Go here for a post which gives a little of the background about the George W. Bush era plan to help the UN clean out its camps on the border of Nepal. It was supposed to be a joint effort with many other countries, but of course we took the vast majority of them.

We said we would take 60,000 beginning in 2007, but as is always the case, we go way beyond what we told the public we would do. Here is where they were distributed in the US (from Wrapsnet): The US took 96,106.

We have also reported on many previous occasions about the exceedingly high suicide rate in the US Bhutanese ‘community.’

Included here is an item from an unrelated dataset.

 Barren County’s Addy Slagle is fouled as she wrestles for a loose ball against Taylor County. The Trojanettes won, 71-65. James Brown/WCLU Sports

It is interesting to me that many do-gooders who push refugee resettlement to America never grasp that some people cannot make the cultural shift and that pushing resettlement can actually have deadly consequences, as it did for this man.

If you go back to my early posts (see archive) on the Bhutanese resettlement, you will see that the camp dwellers initially fought like hell to not be “scattered to the four winds.”

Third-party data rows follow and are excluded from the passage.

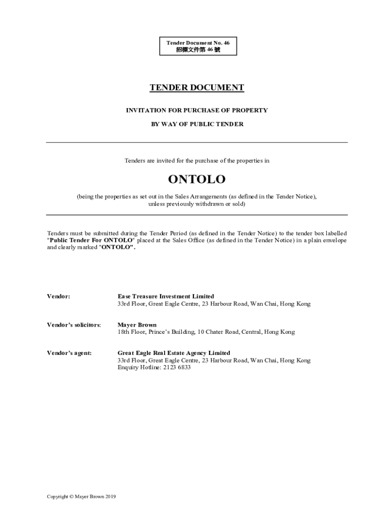 Tender Document No. 46 46 TENDER DOCUMENT INVITATION FOR PURCHASE OF PROPERTY BY WAY OF PUBLIC TENDERTenders are invited for the purchase of the properties' inositol (being the properties as set out
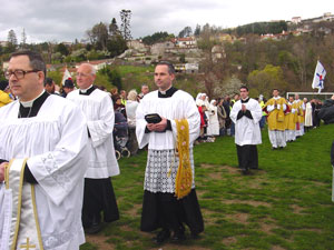 Les retrouvailles de ces deux mystères ne se produisent que bien rarement, la dernière fois en 1932, et je ne puis donc que remercier tous ceux qui se sont dévoués pour nous permettre, à nous aussi, de nous rendre dans d’excellentes conditions au Puy afin de gagner à notre tour cette indulgence jubilaire. Afin de vous y aider, chers pèlerins, je voudrais insister sur la signification de la rencontre de ces deux dates du 25 mars et du Vendredi Saint. Elle n’est pas fortuite. Même si nous ne pouvons parvenir à une certitude, il semble bien, d’après d’excellents auteurs et d’après une forte tradition, que la mort de Notre Seigneur Jésus-Christ a bien eu lieu 33 ans, jour pour jour, après le jour de son Incarnation. Le Bon Dieu, qui ne laisse rien au hasard, spécialement dans le choix des circonstances et des moindres détails qui président à la vie de son Fils, a voulu qu’il en soit ainsi. Et nous trouvons, dans cet établissement du Jubilé du Puy une confirmation de l’importance que l’Eglise accorde aux quelques rencontres de ces deux dates qui se produisent au cours des siècles. Aussi, après avoir souligné le sens de cette correspondance de dates, je dirai combien elle éclaire la mission des prêtres et des futurs prêtres, mais également celle de tous les catholiques.
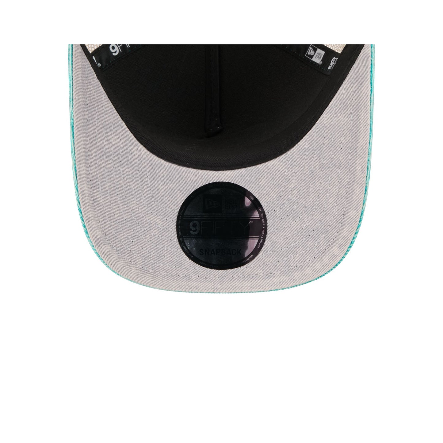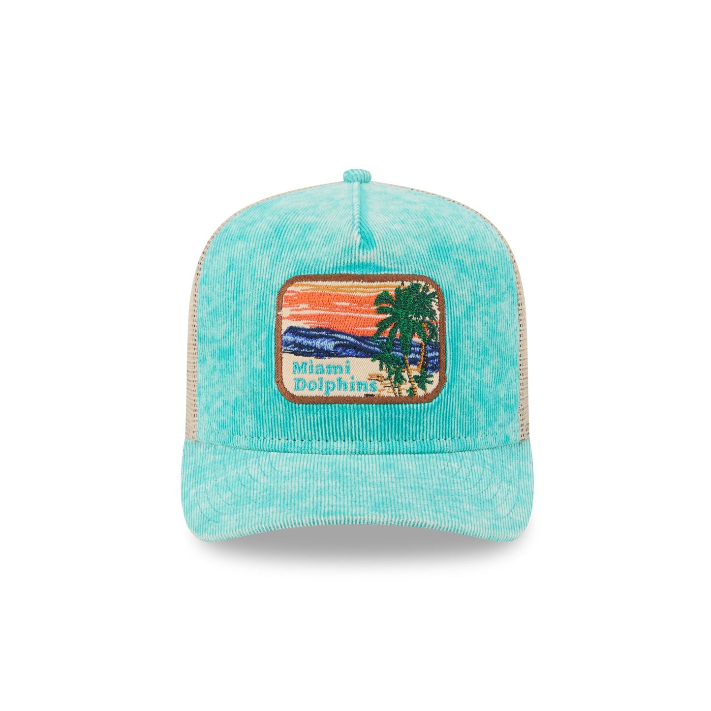 The Miami Dolphins Vintage Landscape 9FIFTY A-Frame Trucker features an embroidered Dolphins Vintage Landscape patch at the front panels with a team logo at the right-wear side. Additional details include an adjustable snapback closure at the rear and a gray undervisor.

From Seven Days: Agencies Alarmed by Bhutanese Refugee Suicides. On the morning of April 10, Indra Mainali was running errands in preparation for his daughter’s birthday party when he received a frantic phone call from his wife. Indra’s father, Hari, had called her and said, “If you want to see me for the last time, come to Ethan Allen Homestead.”

Indra rushed home and contacted Rita Neopaney, a Bhutanese case manager at the Association of Africans Living in Vermont, who alerted the police.

When Indra arrived at the Burlington landmark, where Hari had established a garden plot the previous summer, an officer told him his father was dead. Asked how it happened, the officer replied, according to Indra, “He used a rope. We will know more after the postmortem.”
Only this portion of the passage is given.